[Excerpts from a dataset]
+-------+

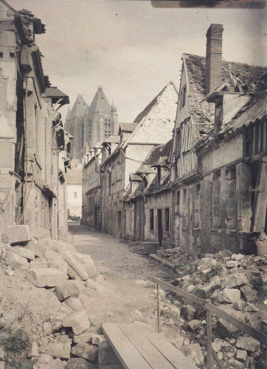 - les ruines et destructions occasionnées par la guerre à Verdun, Reims, Arras ou ailleurs : maisons, églises, cathédrales, lieux symboliques des grandes villes de province en ruines ;
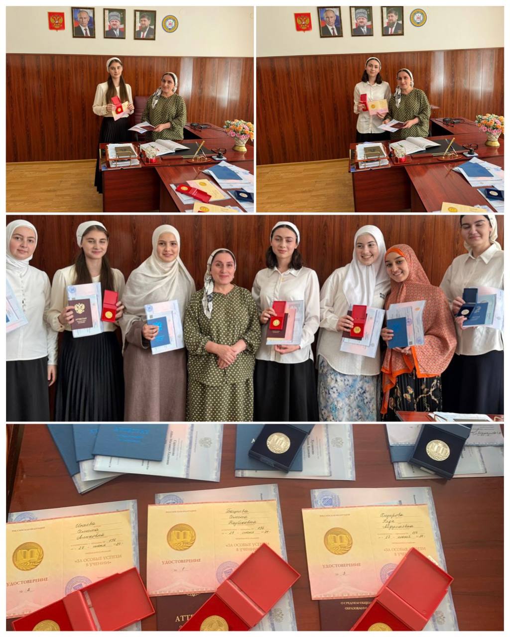 Трое учащихся – Исаева С., Хизирова Х. и Бациева С. – удостоены золотой медали "За особые успехи в учении".
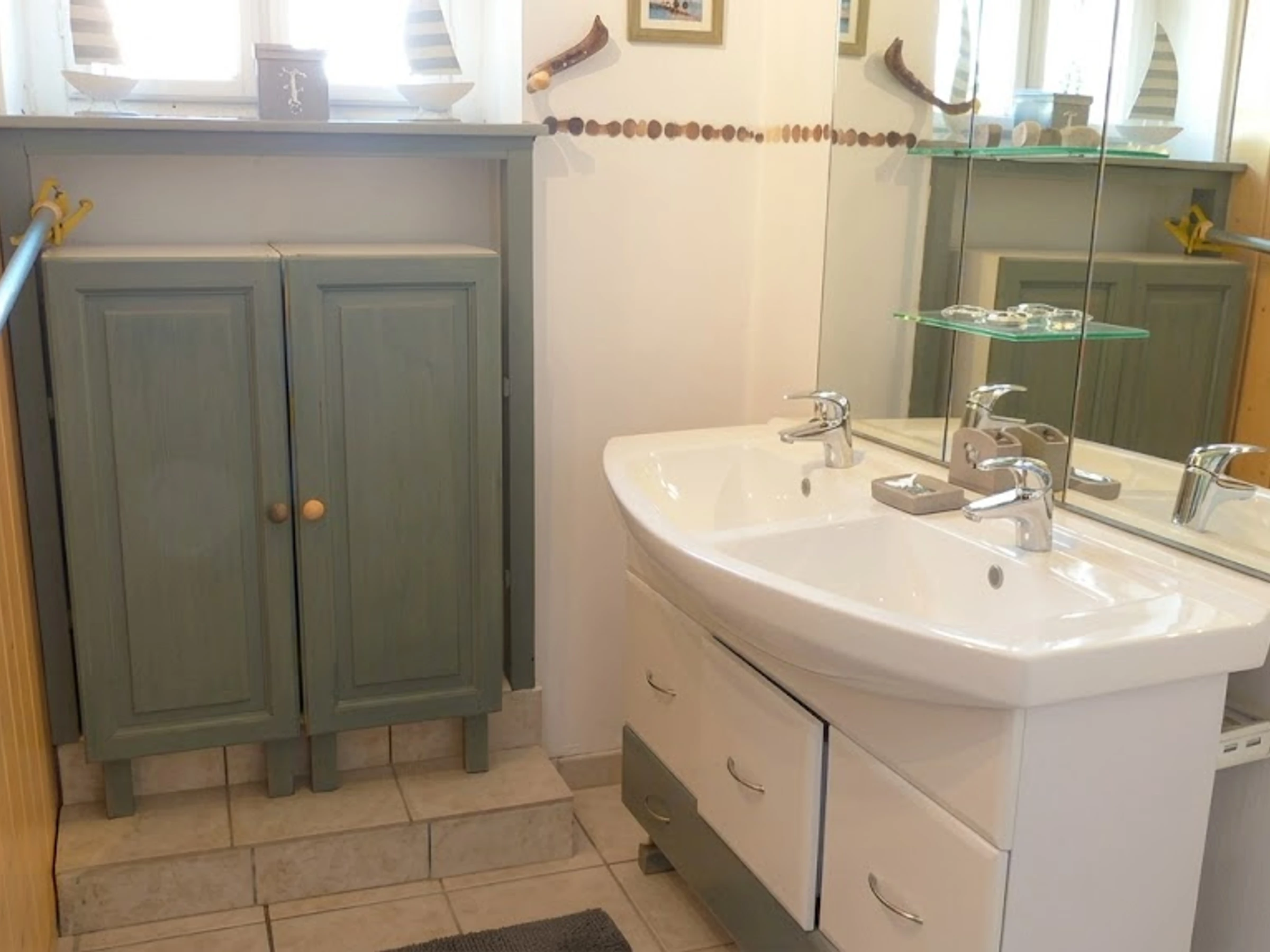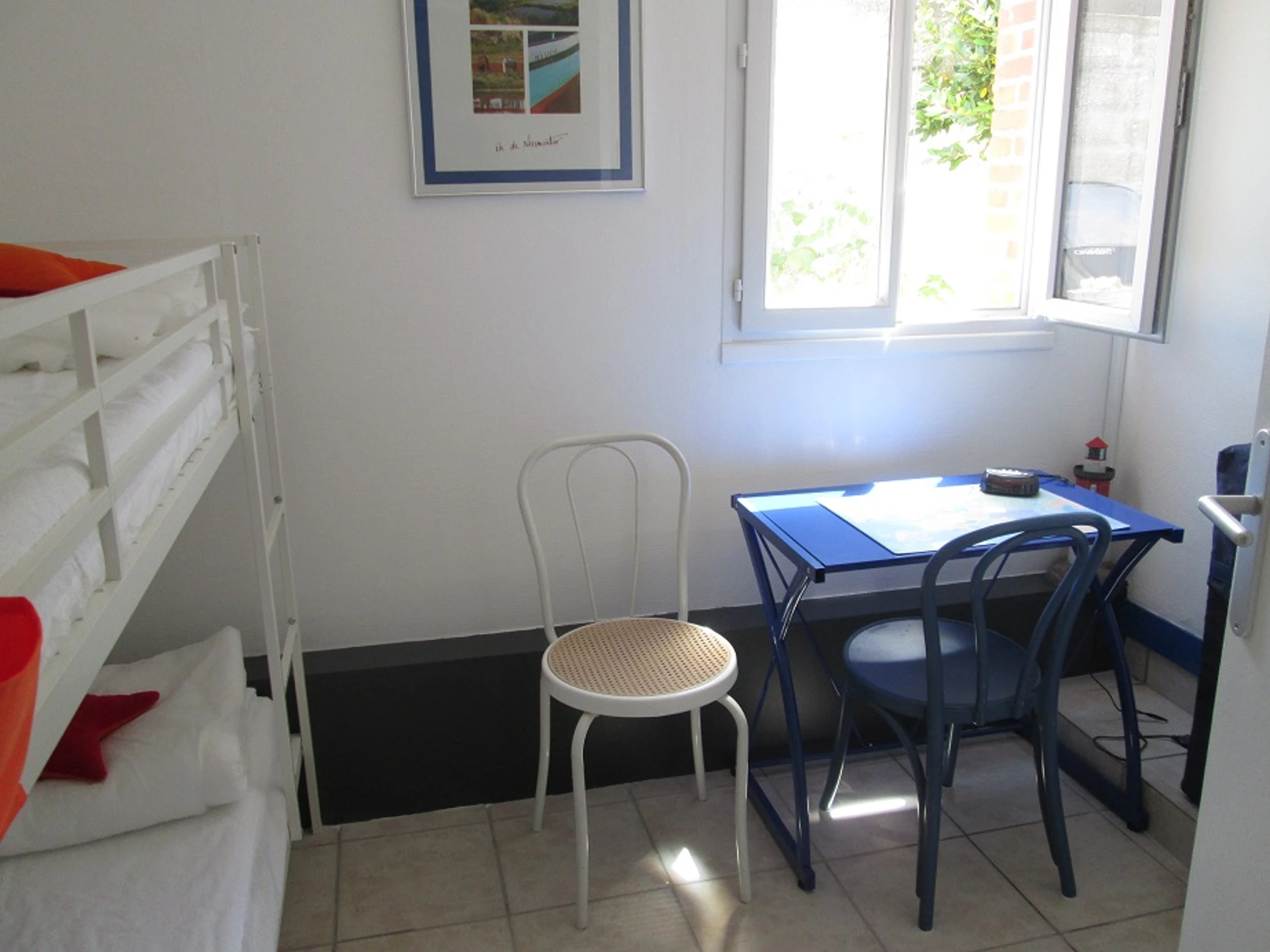 Einstöckiges Haus – ca. 55 m² – 4 Personen, einschließlich Wohnzimmer/eingebaute und ausgestattete Küche, ein Schlafzimmer mit einem 140 cm breiten Bett (2 Stufen zum Bett), ein Kabinenschlafzimmer mit 2 Etagenbetten, ein Schlafbereich mit einem Reisebett, angrenzend an das Badezimmer mit halbhoher Trennwand, Duschraum, Toilette. Fernseher, DVD-Player, Mikrowelle, Backofen, Gefrierschrank, SENSEO, Waschmaschine, Gartenmöbel und mobiler Grill, 2 Liegestühle. Eingezäunter Garten/Innenhof mit Terrasse. Parken auf der Straße oder in der Nähe. Haustiere erlaubt. Möglichkeit eines Reinigungspakets von 92 €.
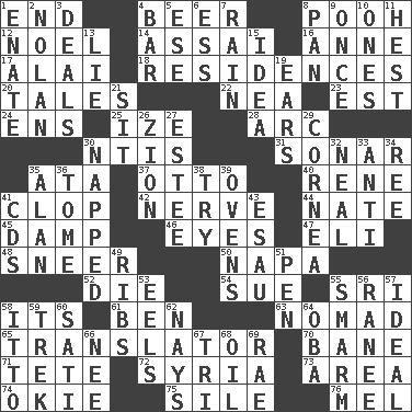 ACROSS 1. Conclude 4. Fermented drink made from hops 8. "Silly old bear" 12. Christmas carol 14. Slender Brazilian palm 16. Queen of England 1702-14 17. Jai ____ 18. Homes 20. Falsehoods 22. Teachers' org. 23. Eastern Standard Time (abbr.) 24. Followers of ems 25. Ending with capital 28. Curve 30. Nuclear Threat Initiatives 31. Underwater navigation system 35. _ moment's notice (2 wds.) 37. Von Bismarck 40. French philosopher Descartes 41. Hoof sound 42. Effrontery 44. Nathan's nickname 45. Moist 46. Snake ____ (dice throw) 47. Connecticut Ivy Leaguer 48. Contemptuous expression 50. California wine valley 52. Expire 54. Take to court 55. _ Lanka 58. ___ a Wonderful Life 61. Benjamin's nick name 63. Wanderer 65. Interpreter 70. Object of repulsion 71. Wig 72. Damascus' land 73. Length times width 74. Migrant worker of the '30s 75. Drop; flow; fall 76. Cartoonist voice _ Blanc DOWN 1. Maternal 2. Pitcher Ryan 3. Allots cards 4. Soap unit 5. Compass dir. 6. Curvy letter 7. Precipitation 8. Baking dish 9. Single time 10. Singles 11. Command 13. Whopper 15. The main thing one is thinking about 19. Hearing organs 21. Be seated 26. The Jewish people; Israel 27. First name in cosmetics 29. Pupil covering 30. Slept 32. Actress Patricia 33. Against 34. To sift 35. Actor Alda or Thicke 36. Heavy book 38. Attempt to accomplish something 39. Baking chambers 41. Music discs 43. Son of Isaac 49. Chest bones 51. Fenced enclosure 53. Snakelike fish 55. Excessive but superficial compliments 56. The wife of a rajah (variant) 57. Standard of perfection 58. "Tell ____ the Marines!" 59. Long journey 60. Suttee (variant) 62. Negative votes 64. Chief or king in Benin or Nigeria 66. Born 67. Three (prefix) 68. Petroleum 69. Actress Charlotte
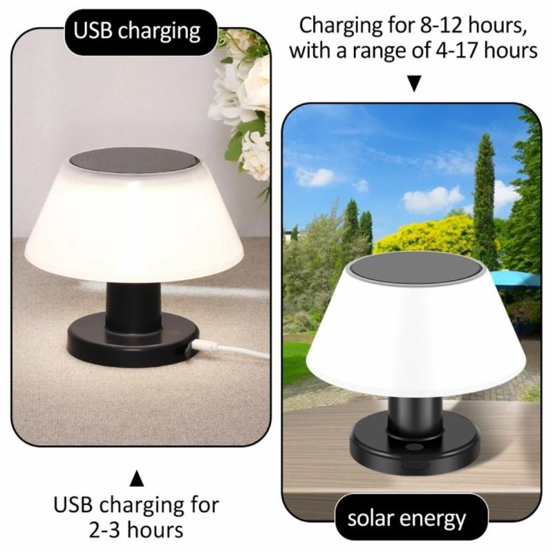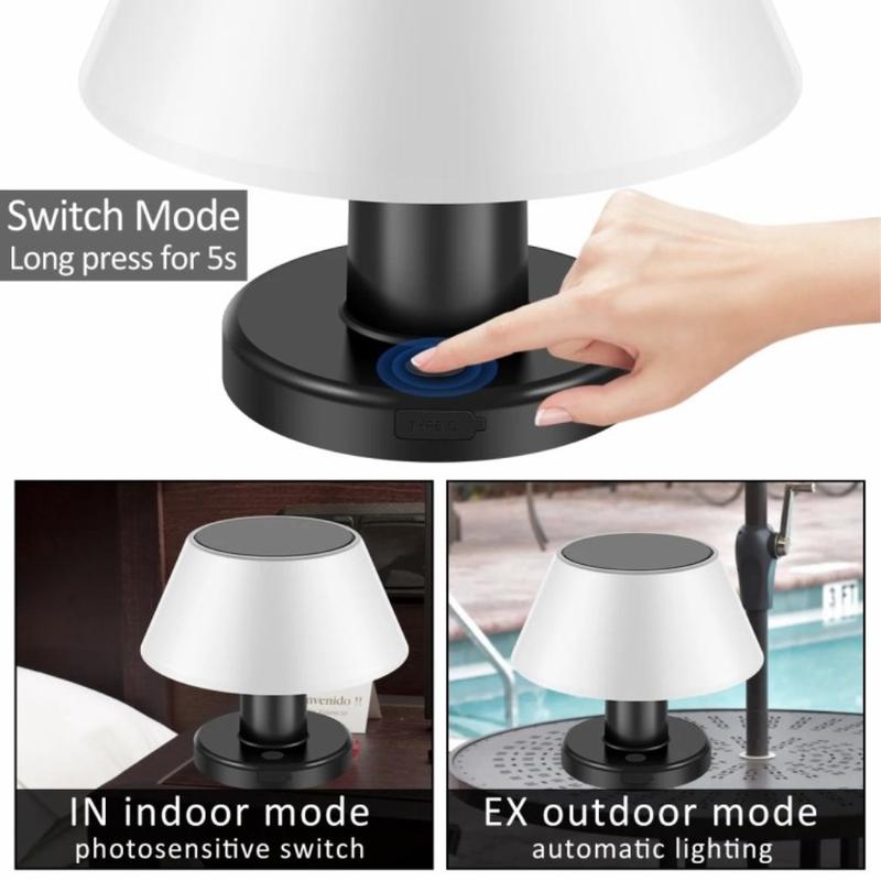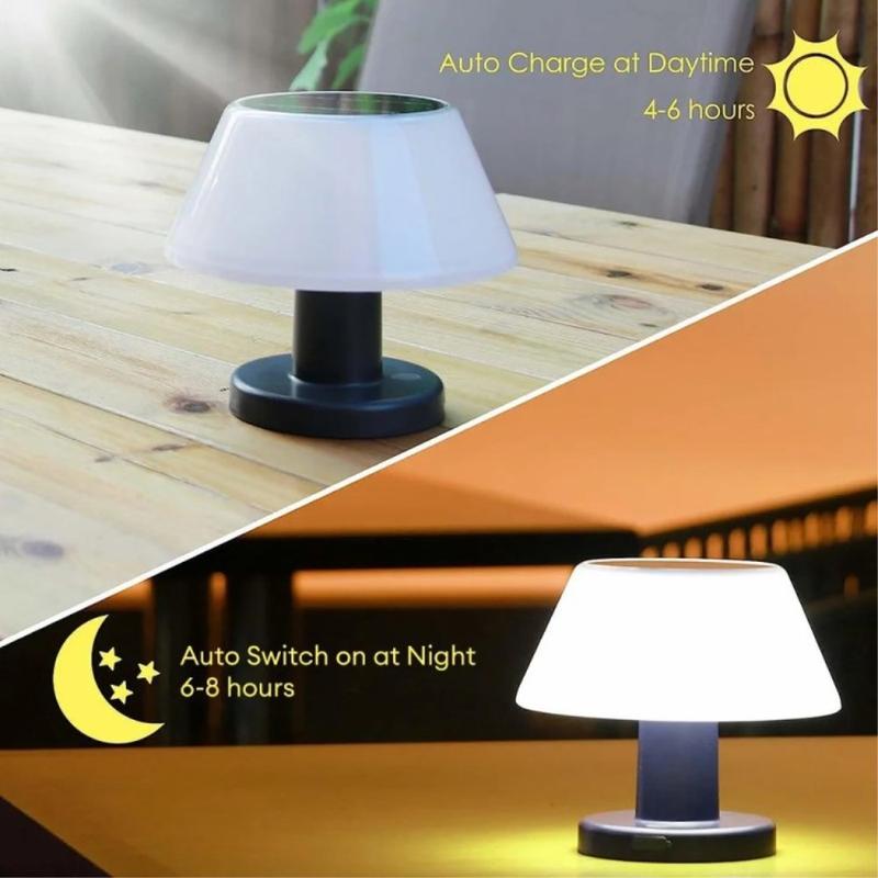 Vielseitige Solar-Tischleuchte für den Innen- und Außenbereich aus robustem ABS und PC mit intelligenter Dämmerungssteuerung, einem leistungsstarken 2200-mAh-Akku und vier dimmbaren Einstellungen - alles in einem kompakten, kabellosen Design, das sich dem Lebensstil anpasst.

+-------+

Problem details = Output each record above exactly as it stands, excluding all pictures.

Output for this exercise =
 - les ruines et destructions occasionnées par la guerre à Verdun, Reims, Arras ou ailleurs : maisons, églises, cathédrales, lieux symboliques des grandes villes de province en ruines ;
 Трое учащихся – Исаева С., Хизирова Х. и Бациева С. – удостоены золотой медали "За особые успехи в учении".
 Einstöckiges Haus – ca. 55 m² – 4 Personen, einschließlich Wohnzimmer/eingebaute und ausgestattete Küche, ein Schlafzimmer mit einem 140 cm breiten Bett (2 Stufen zum Bett), ein Kabinenschlafzimmer mit 2 Etagenbetten, ein Schlafbereich mit einem Reisebett, angrenzend an das Badezimmer mit halbhoher Trennwand, Duschraum, Toilette. Fernseher, DVD-Player, Mikrowelle, Backofen, Gefrierschrank, SENSEO, Waschmaschine, Gartenmöbel und mobiler Grill, 2 Liegestühle. Eingezäunter Garten/Innenhof mit Terrasse. Parken auf der Straße oder in der Nähe. Haustiere erlaubt. Möglichkeit eines Reinigungspakets von 92 €.
 ACROSS 1. Conclude 4. Fermented drink made from hops 8. "Silly old bear" 12. Christmas carol 14. Slender Brazilian palm 16. Queen of England 1702-14 17. Jai ____ 18. Homes 20. Falsehoods 22. Teachers' org. 23. Eastern Standard Time (abbr.) 24. Followers of ems 25. Ending with capital 28. Curve 30. Nuclear Threat Initiatives 31. Underwater navigation system 35. _ moment's notice (2 wds.) 37. Von Bismarck 40. French philosopher Descartes 41. Hoof sound 42. Effrontery 44. Nathan's nickname 45. Moist 46. Snake ____ (dice throw) 47. Connecticut Ivy Leaguer 48. Contemptuous expression 50. California wine valley 52. Expire 54. Take to court 55. _ Lanka 58. ___ a Wonderful Life 61. Benjamin's nick name 63. Wanderer 65. Interpreter 70. Object of repulsion 71. Wig 72. Damascus' land 73. Length times width 74. Migrant worker of the '30s 75. Drop; flow; fall 76. Cartoonist voice _ Blanc DOWN 1. Maternal 2. Pitcher Ryan 3. Allots cards 4. Soap unit 5. Compass dir. 6. Curvy letter 7. Precipitation 8. Baking dish 9. Single time 10. Singles 11. Command 13. Whopper 15. The main thing one is thinking about 19. Hearing organs 21. Be seated 26. The Jewish people; Israel 27. First name in cosmetics 29. Pupil covering 30. Slept 32. Actress Patricia 33. Against 34. To sift 35. Actor Alda or Thicke 36. Heavy book 38. Attempt to accomplish something 39. Baking chambers 41. Music discs 43. Son of Isaac 49. Chest bones 51. Fenced enclosure 53. Snakelike fish 55. Excessive but superficial compliments 56. The wife of a rajah (variant) 57. Standard of perfection 58. "Tell ____ the Marines!" 59. Long journey 60. Suttee (variant) 62. Negative votes 64. Chief or king in Benin or Nigeria 66. Born 67. Three (prefix) 68. Petroleum 69. Actress Charlotte
 Vielseitige Solar-Tischleuchte für den Innen- und Außenbereich aus robustem ABS und PC mit intelligenter Dämmerungssteuerung, einem leistungsstarken 2200-mAh-Akku und vier dimmbaren Einstellungen - alles in einem kompakten, kabellosen Design, das sich dem Lebensstil anpasst.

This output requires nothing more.